Катя вышла в числе первых, вместе с еще двумя девушками. Смеющиеся, в пуховиках и зимних ботинках они были похожи на сбежавших с урока старшеклассниц, а вовсе не на прекрасных лебедей, какими только что были. Евгений Германович подошел, поздоровался — Катя вскинула на него изумленные глаза, махнула рукой подружкам и согласилась сесть в машину. Ее удивление еще возросло, когда она увидела в машине Ларису Борисовну, та пересела назад, чтобы разговаривать было удобнее. Усадив Катю и галантно захлопнув дверцу, Моцарт уселся сам, пробормотал положенные по случаю комплименты касательно спектакля и замолчал, вдруг сообразив, что они с Ларисой Борисовной не договорились, кто именно будет беседовать с Катей, какими словами и с чего начнет.
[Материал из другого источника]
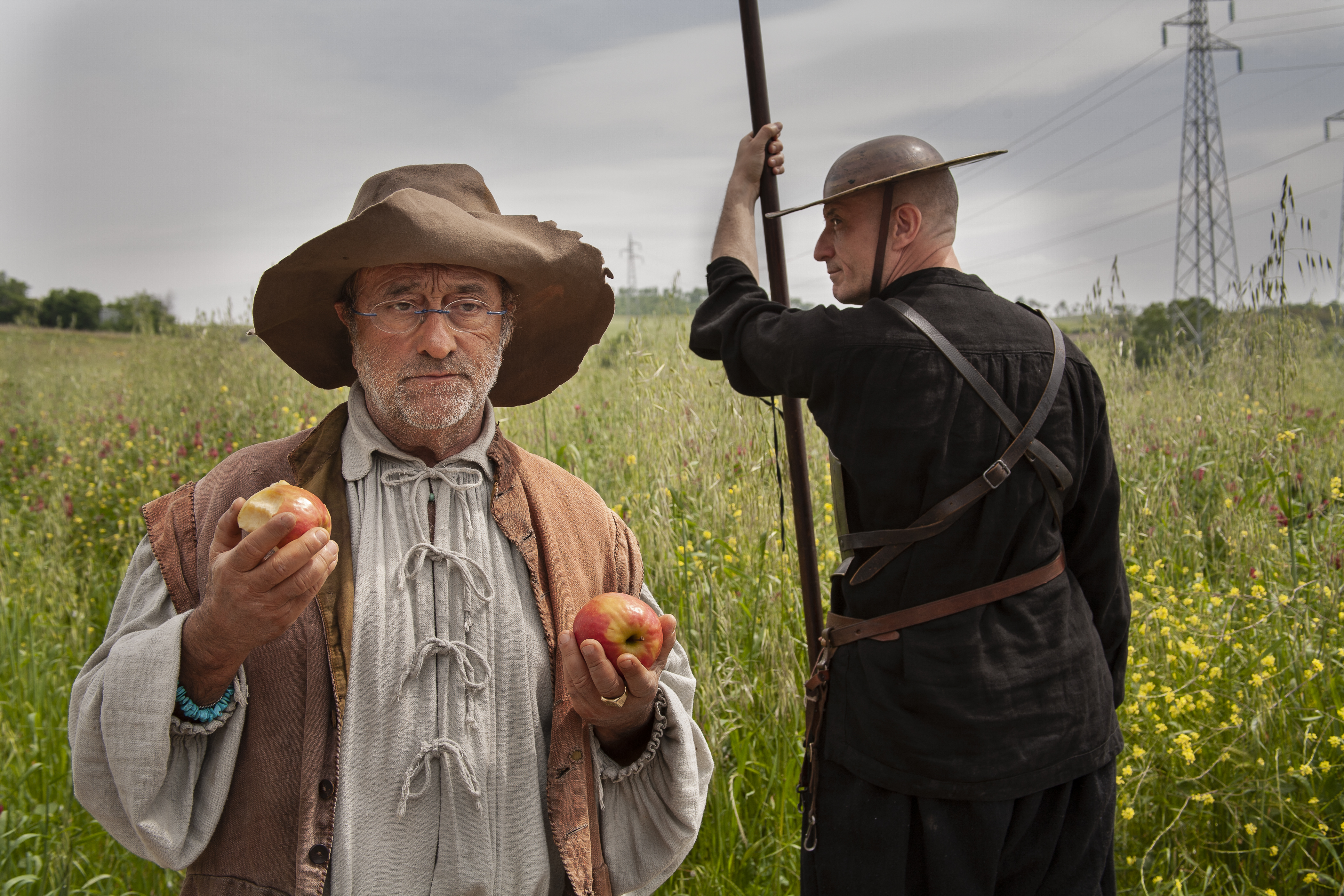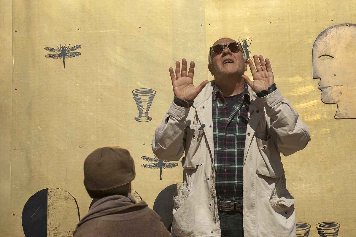 45 le fotografie di scena di grande formato a colori, a cui si affiancano altrettante in bianco/nero di più piccole dimensioni dei vari backstage. L’allestimento non procede per cronologia ma per temi relativi ai vari film, restituendo il rapporto di Paladino con il cinema, che ha origine dalla curiosità di un pittore che lavora con le immagini e cerca sempre nuovi strumenti espressivi. Fotografando i lungometraggi Quijote (2006), La Divina Cometa (2022) e i corti Labyrintus (2013) e Ho perso il cunto (2017), il fotografo si sofferma in particolare sulle varie fasi della lavorazione, dalla ricerca delle location, al dialogo con gli attori, con i tecnici e le maestranze, riuscendo a intercettare l’anima dei film e tutto ciò che solitamente rimane nascosto, attraverso sequenze “senza movimento”.
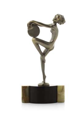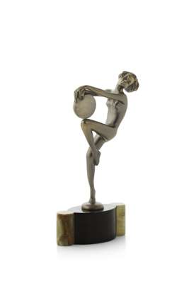 cast as a naked girl, holding aloft a disc, raised on an ovoid black slate and green onyx plinth, signed in the bronze LORENZL
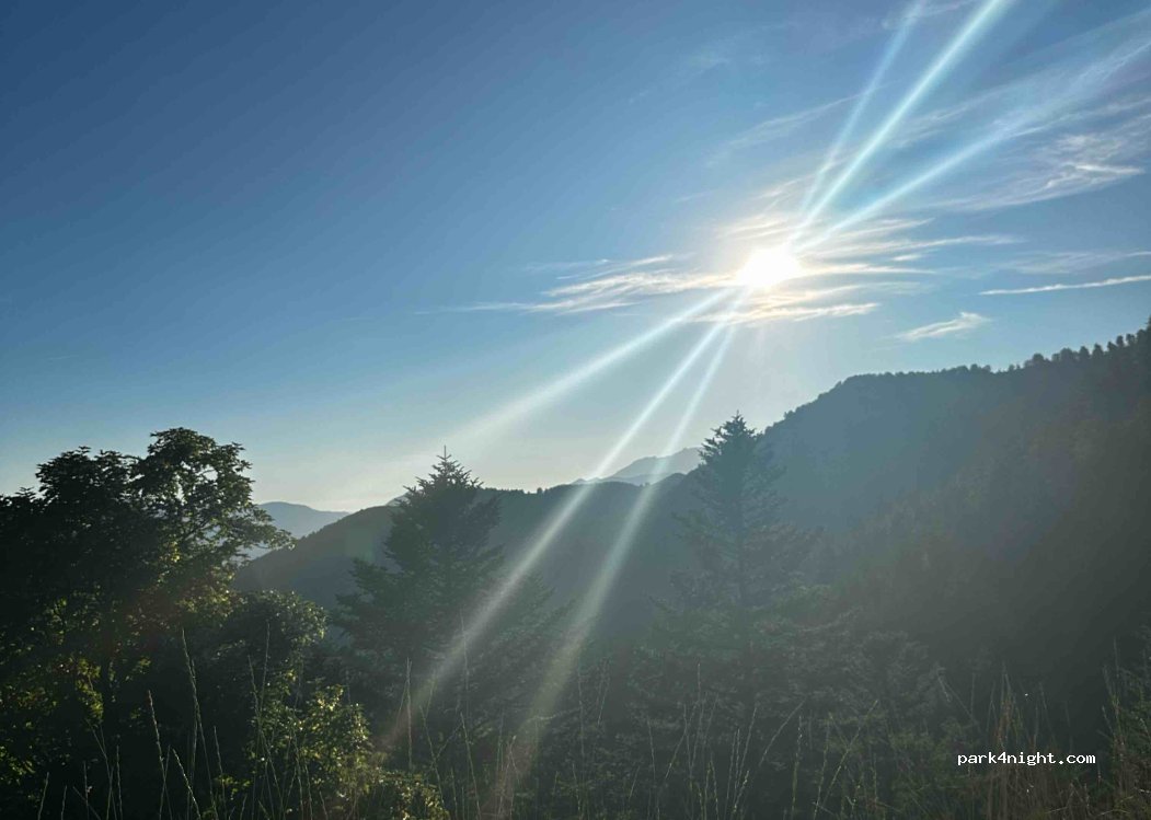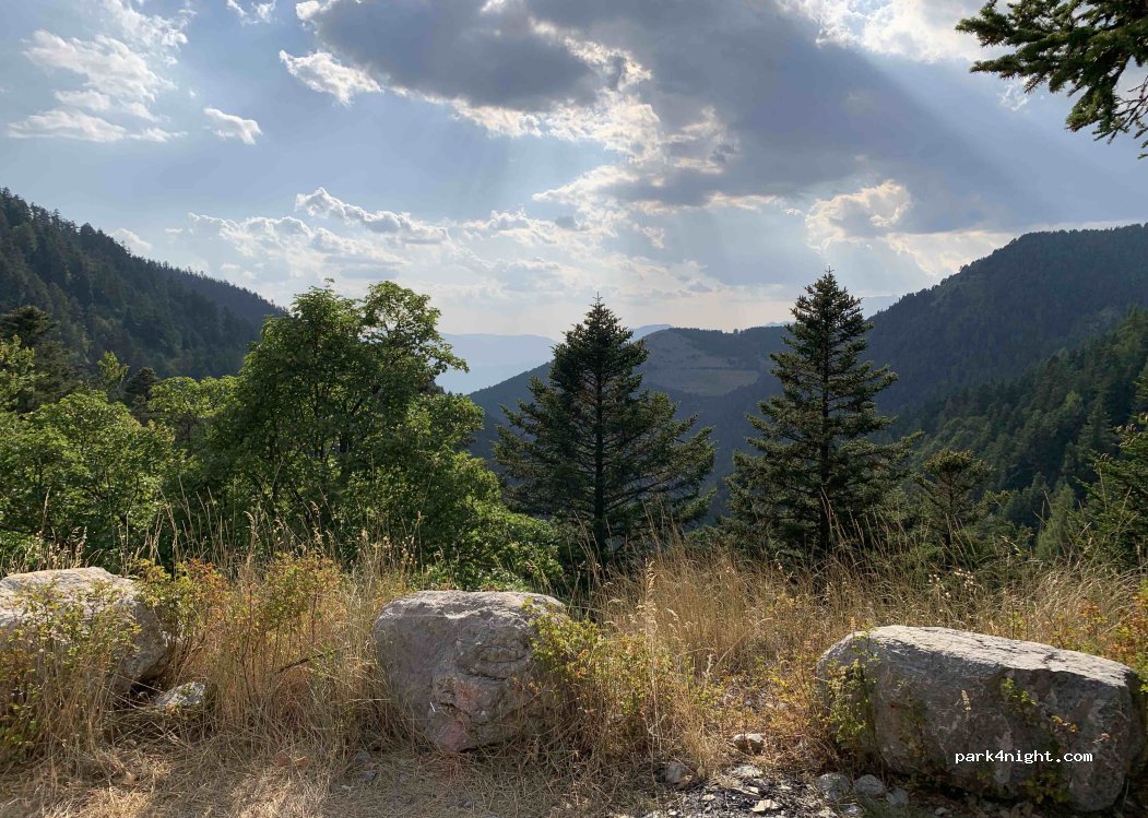 Emplacement impeccable sur le bord de la route forestière, jolie vue sur la vallée, en journee parking de départ de rando donc les gens arrivent assez tôt entre 6h et 8h

А вместо того, чтобы выработать общую стратегию, они потратили время на слушание музыки и разглядывание декораций. Это надо же быть такими идиотами! Он виноват, разумеется. Пришел, как на свидание, сидел, растекался мысью по древу, а ведь это была его идея — поговорить с Катей. Теперь Катя сидела у него за спиной — даже это он не предусмотрел, в отличие от Ларисы Борисовны. Но дальше молчать было невозможно, поэтому Евгений Германович собрался с духом, со всеми предосторожностями повернулся назад (спина ныла еще с утра) и ринулся в бой во всеми присущими ему отвагой и деликатностью.
— Катюша, во-первых, поговорить с вами — это исключительно наше с Ларисой Борисовной решение, Петя здесь не при чем…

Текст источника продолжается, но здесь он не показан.